SUPPLIED MATERIAL:

•••••

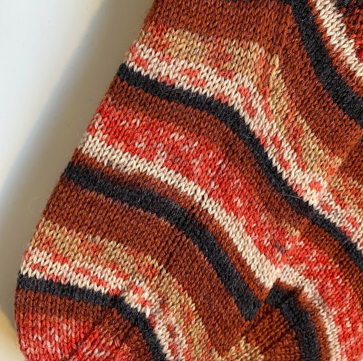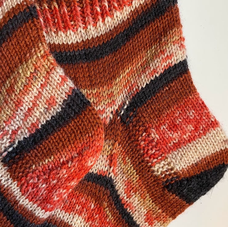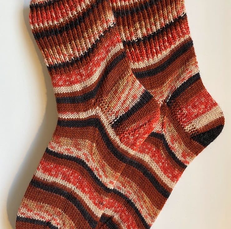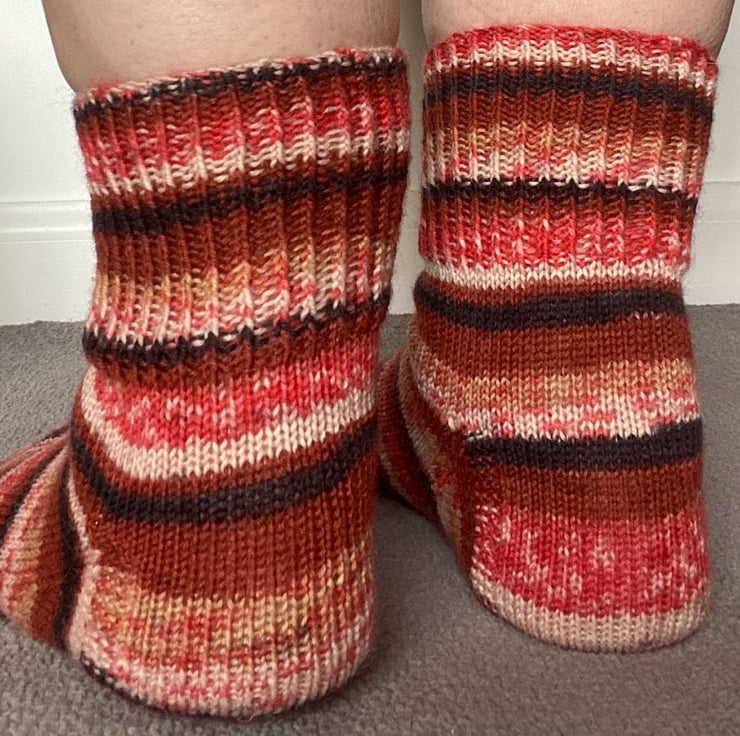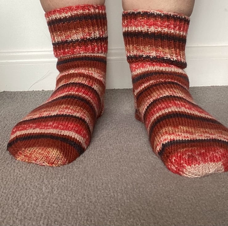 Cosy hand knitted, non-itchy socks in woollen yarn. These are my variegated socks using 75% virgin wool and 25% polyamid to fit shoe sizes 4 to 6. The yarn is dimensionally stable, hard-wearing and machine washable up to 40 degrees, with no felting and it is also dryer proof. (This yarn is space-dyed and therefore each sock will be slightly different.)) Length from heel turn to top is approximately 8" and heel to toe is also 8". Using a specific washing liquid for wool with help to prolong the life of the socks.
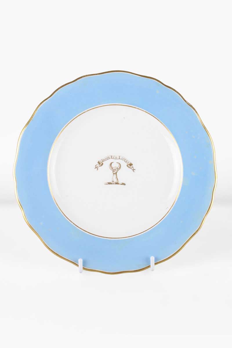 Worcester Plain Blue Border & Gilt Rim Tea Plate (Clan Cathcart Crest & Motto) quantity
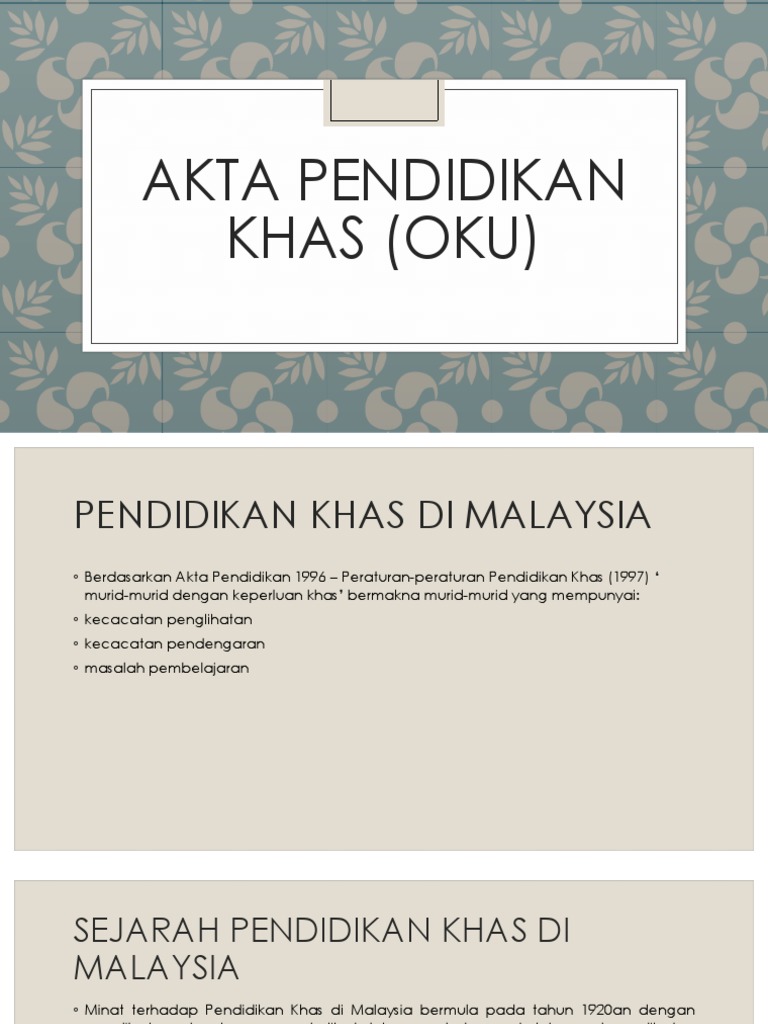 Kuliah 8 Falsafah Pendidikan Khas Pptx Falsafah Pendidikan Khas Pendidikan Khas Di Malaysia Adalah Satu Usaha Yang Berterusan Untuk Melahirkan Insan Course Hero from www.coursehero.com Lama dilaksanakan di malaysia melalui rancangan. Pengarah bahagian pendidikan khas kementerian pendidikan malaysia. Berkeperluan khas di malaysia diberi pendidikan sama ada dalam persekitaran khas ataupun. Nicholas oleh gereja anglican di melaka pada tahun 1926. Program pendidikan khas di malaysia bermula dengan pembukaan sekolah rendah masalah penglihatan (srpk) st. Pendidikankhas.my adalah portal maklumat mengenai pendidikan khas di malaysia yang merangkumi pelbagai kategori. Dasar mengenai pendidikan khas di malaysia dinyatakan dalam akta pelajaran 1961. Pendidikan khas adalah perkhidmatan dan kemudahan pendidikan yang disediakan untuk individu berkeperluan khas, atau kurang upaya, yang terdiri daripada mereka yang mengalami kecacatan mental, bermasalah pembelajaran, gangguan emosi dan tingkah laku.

•••••

ABOUT THIS EXERCISE:
Return exactly what appears from the opening line of the material through the line with "Worcester Plain Blue", apart from the pictures.

SOLUTION FOR THIS PROBLEM:
 Cosy hand knitted, non-itchy socks in woollen yarn. These are my variegated socks using 75% virgin wool and 25% polyamid to fit shoe sizes 4 to 6. The yarn is dimensionally stable, hard-wearing and machine washable up to 40 degrees, with no felting and it is also dryer proof. (This yarn is space-dyed and therefore each sock will be slightly different.)) Length from heel turn to top is approximately 8" and heel to toe is also 8". Using a specific washing liquid for wool with help to prolong the life of the socks.
 Worcester Plain Blue Border & Gilt Rim Tea Plate (Clan Cathcart Crest & Motto) quantity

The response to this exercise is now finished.